De gevorderde wettelijke rente over de proceskosten wordt toegewezen zoals vermeld in de beslissing.

3.De beslissing

De rechtbank
in conventie
3.1.
veroordeelt BodyBase tot betaling aan TOF van € 15.767,55 aan hoofdsom binnen zeven dagen na betekening van dit vonnis, vermeerderd met de wettelijke rente hierover als bedoeld in artikel 6:119a BW vanaf 21 november 2022 tot de dag van volledige betaling;
3.2.
veroordeelt BodyBase tot betaling aan TOF van € 932,68 aan buitengerechtelijke incassokosten binnen zeven dagen na betekening van dit vonnis;
3.3.
compenseert de proceskosten tussen partijen zodat iedere partij de eigen kosten draagt;
3.4.
verklaart de onderdelen 3.1 en 3.2 van dit vonnis uitvoerbaar bij voorraad;
3.5.
wijst het meer of anders gevorderde af;
in reconventie
3.6.
wijst de vorderingen van BodyBase af;
3.7.
veroordeelt BodyBase in de proceskosten, aan de zijde van TOF tot op heden begroot op € 1.406,00, te betalen binnen veertien dagen na aanschrijving daartoe.

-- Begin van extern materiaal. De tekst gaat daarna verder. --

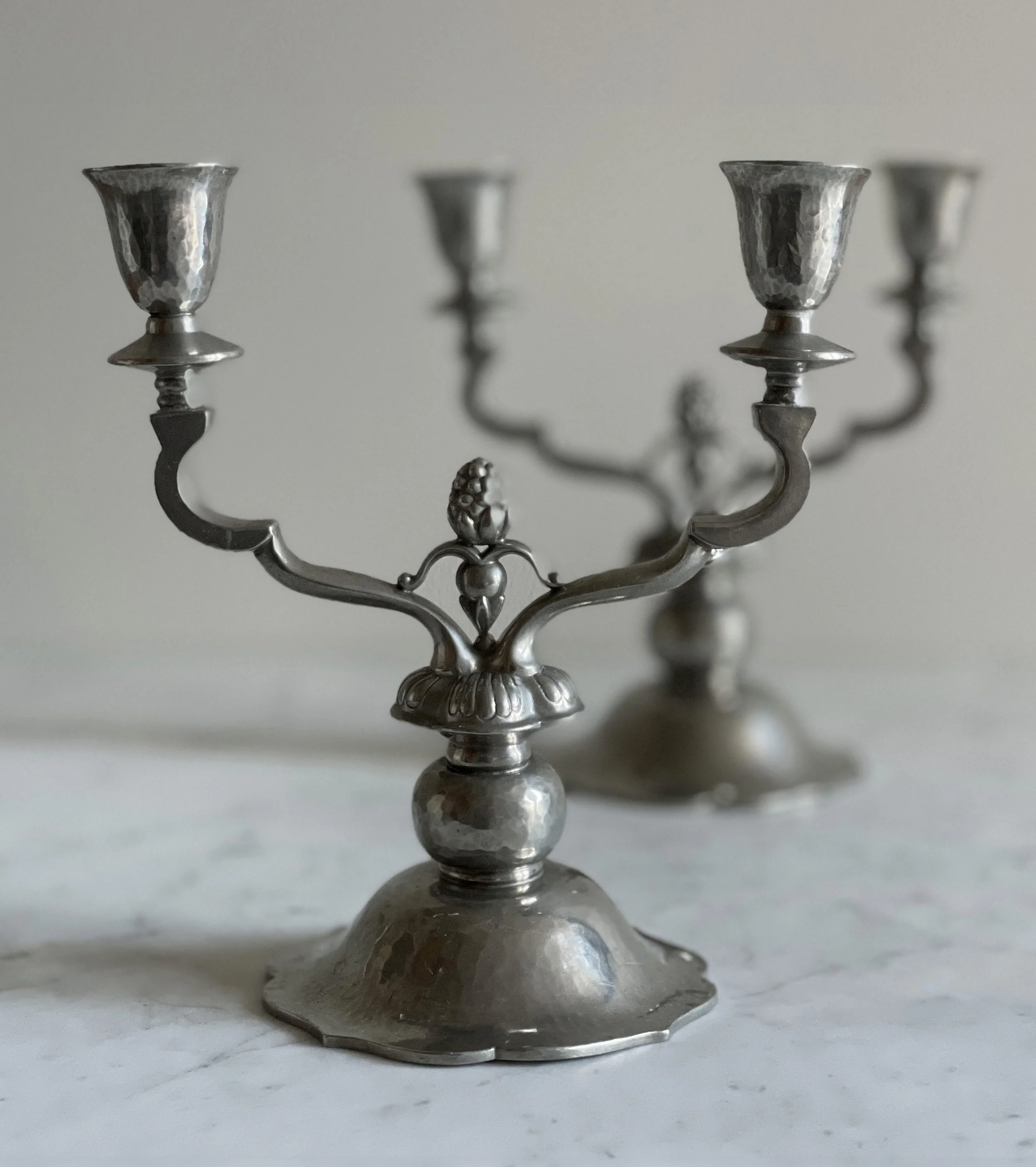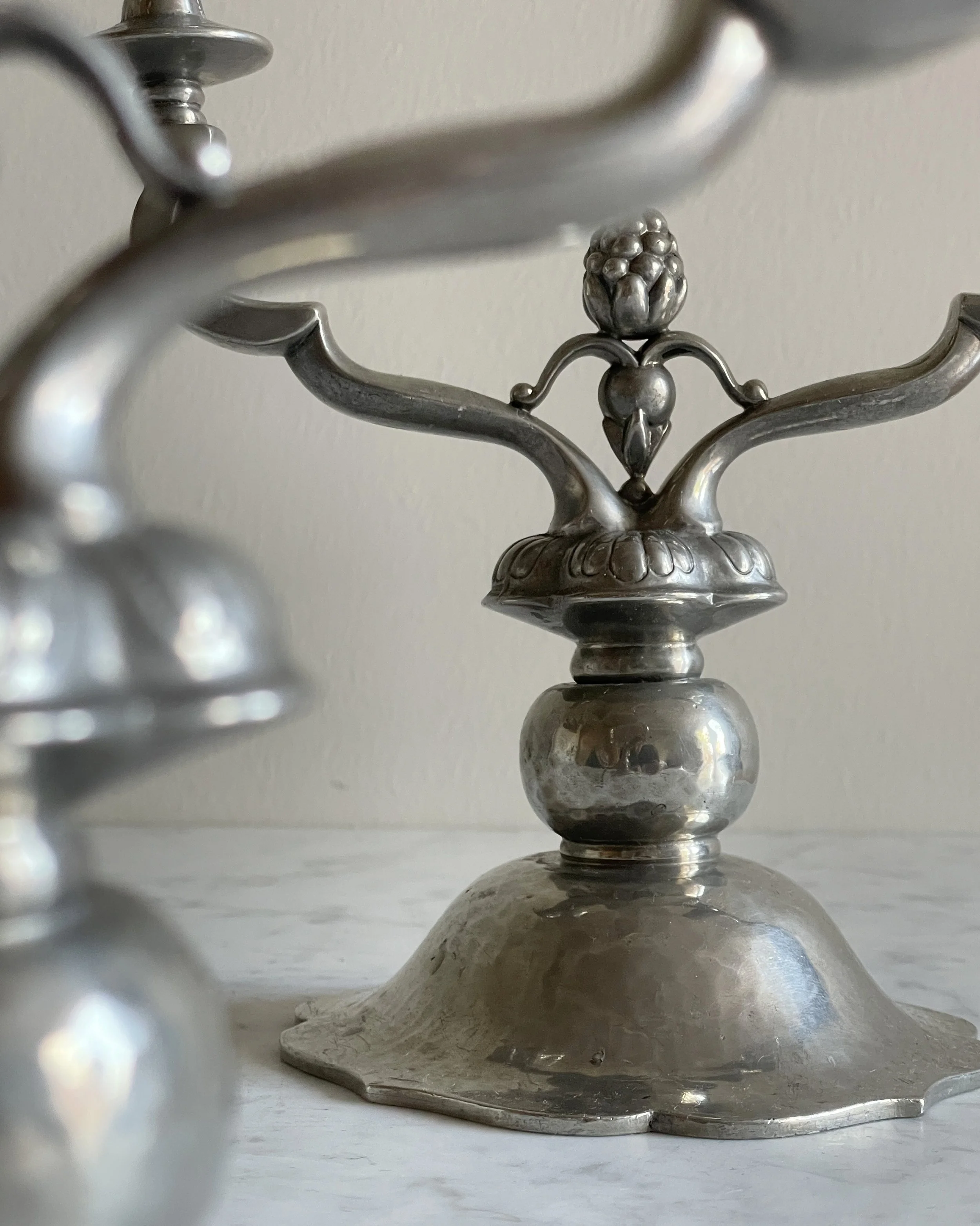 Just Andersen (1884-1943) Danish sculptor and silversmith, started his own workshop in 1918. He is best known for his objects in pewter, brass, bronze and so-called disco metal, an alloy consisting of lead, tin and antimony. Disco was Just Andersen's own invention, (named after Disko Bay in Greenland where he grew up). During the mid-1920s and early 1930s Just Andersen made commissions for Nordiska Kompaniet and Guldsmedsaktiebolaget in Stockholm. Just Andersen is probably the most widely known designer of modern pewter in Denmark. He had his own showrooms in Berlin, London, New York and Los Angeles. In 1934 he designed cutlery for Firma Georg Jensen. Great vintage condition with signs of use.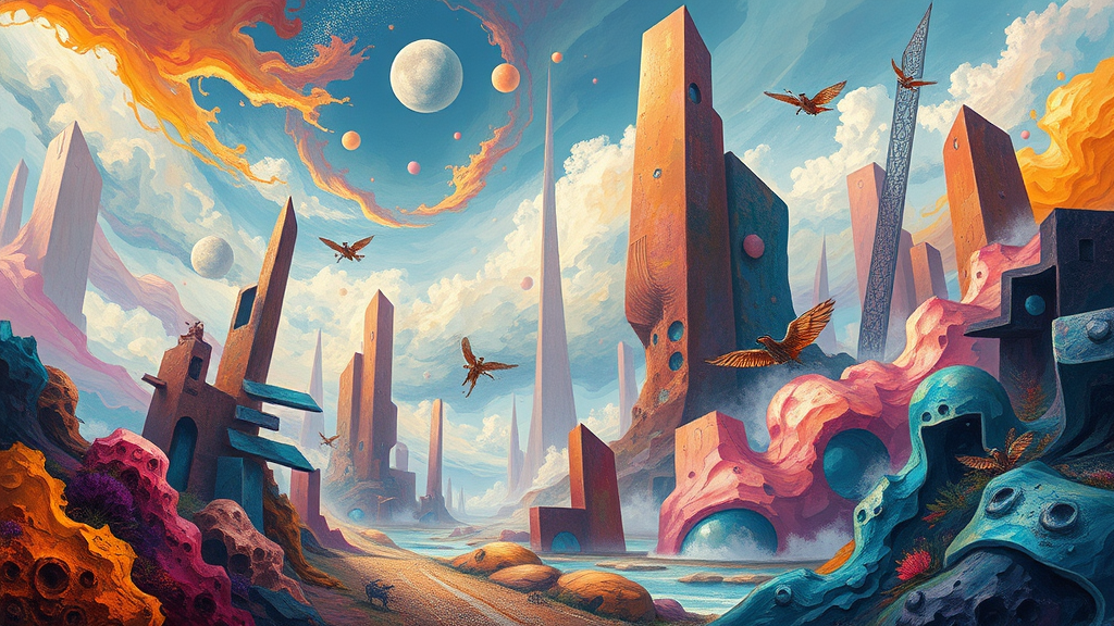 Ethereal landscape with dreamlike elements, a fusion of vibrant colors and abstract forms, capturing the essence of childlike curiosity and whimsical imagination, otherworldly beings floating amidst distorted shapes, blending reality with surreal fantasy, tall elongated structures, rich textures, fluid lines contrast with bold geometric patterns.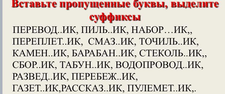 Переводчик, пильщик, наборщик, переплётчик, смазчик, точильщик, каменщик, барабанщик, стекольщик, сборщик, табунщик, водопроводчик, разведчик, перебежчик, газетчик, рассказчик, пулемётчик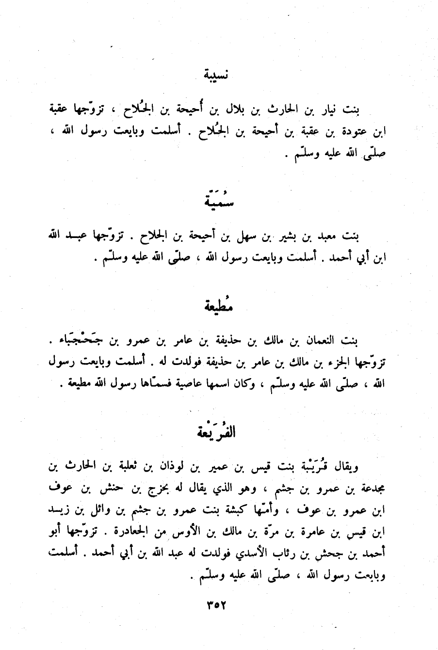 §سُمَيَّةُ بِنْتُ مَعْبَدِ بْنِ بَشِيرِ بْنِ سَهْلِ بْنِ أُحَيْحَةَ بْنِ الْجُلَاحِ تَزَوَّجَهَا عَبْدُ اللَّهِ بْنُ أَبِي أَحْمَدَ أَسْلَمَتْ وَبَايَعَتْ رَسُولَ اللَّهِ صلّى الله عليه وسلم.

Als BodyBase niet tijdig aan de veroordeling voldoet en het vonnis daarna wordt betekend, dan moet BodyBase € 92,00 extra betalen, plus de kosten van betekening;
3.8.
veroordeelt BodyBase in de wettelijke rente als bedoeld in artikel 6:119 BW over de proceskosten als deze niet binnen veertien dagen na aanschrijving zijn voldaan;
3.9.
verklaart de onderdelen 3.7 en 3.8 van dit vonnis uitvoerbaar bij voorraad.
Dit vonnis is gewezen door mr. P.C. Santema. Het is ondertekend door de rolrechter en door deze in het openbaar uitgesproken op 31 juli 2024.